6667 Hollywood Blvd.
Hollywood, CA 90028
(323) 467-5123

You can’t eat ambiance, but it certainly can add to a dining experience. At Musso and Frank Grill the ambiance is everywhere.

Over there is the table where Charlie Chaplin always ate. That yellow color on the mural high up on the back wall of the big room is from Humphrey Bogart’s cigarette smoke. The well-seasoned flame grill behind the counter has turned out hundreds of thousands of rib eyes, porterhouses and fillet mignons. Those three bartenders, they have combined for more than 100 years of service behind the classic cherry wood bar. And step out the front door and you will be standing in the heart of fabled Hollywood Boulevard.

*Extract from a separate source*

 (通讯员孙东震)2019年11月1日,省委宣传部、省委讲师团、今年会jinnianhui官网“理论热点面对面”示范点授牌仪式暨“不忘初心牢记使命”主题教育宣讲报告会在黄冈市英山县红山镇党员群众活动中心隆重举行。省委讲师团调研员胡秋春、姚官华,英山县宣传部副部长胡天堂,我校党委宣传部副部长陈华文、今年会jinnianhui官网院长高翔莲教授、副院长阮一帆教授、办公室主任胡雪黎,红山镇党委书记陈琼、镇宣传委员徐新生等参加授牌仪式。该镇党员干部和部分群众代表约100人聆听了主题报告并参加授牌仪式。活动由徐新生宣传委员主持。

Musso and Frank Grill is the oldest restaurant in Hollywood and the third oldest in the City of Los Angeles, having opened in 1919. There isn’t a name or a legend from the history and lore of Hollywood that hasn’t passed through Musso and Frank.

As for the food, the menu is appropriately steeped in the history of the restaurant. Most items trace back to the days before low fat or cholesterol became part of anyone’s awareness. The marinated herring with onions appetizer can’t be found on modern deli menus. But you can get it a Musso and Frank. The appetizer list starts with cocktail franks and includes shrimp cocktails and crab cocktails. There is an array of salads that shun modern day fancy in favor of 1950s solid.

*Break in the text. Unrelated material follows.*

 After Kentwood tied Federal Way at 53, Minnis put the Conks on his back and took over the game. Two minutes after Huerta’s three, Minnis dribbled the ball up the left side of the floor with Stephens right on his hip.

When it comes to main courses, grab a steak. Or go for my favorite liver and onions. The lamb is from Colorado, where they are producing the best in the nation if not the world. Saturday night is short ribs night. I have friends who drive down from Ventura and spend the night in Hollywood just so they can dine on the short ribs.

Want a Perfect Manhattan? You don’t need to teach these bartenders how to make one. And the martinis are classics – a full glass and a side bottle for the overage.

History embraces you as soon as you walk into Musso and Frank. It’s a place where writers have gathered for decades, where news reporters and movie stars have mingled. It’s a place in which the famous can dine and not be bothered for autographs or gawked at by other diners. Regulars have dined here for 40 or 50 years, or longer. Now, their children and grandchildren carry the torch.

Musso and Frank is the last remaining icon of Hollywood’s restaurant hey day, standing proudly at the intersection of history and tomorrow, the junction of ambiance and fine food.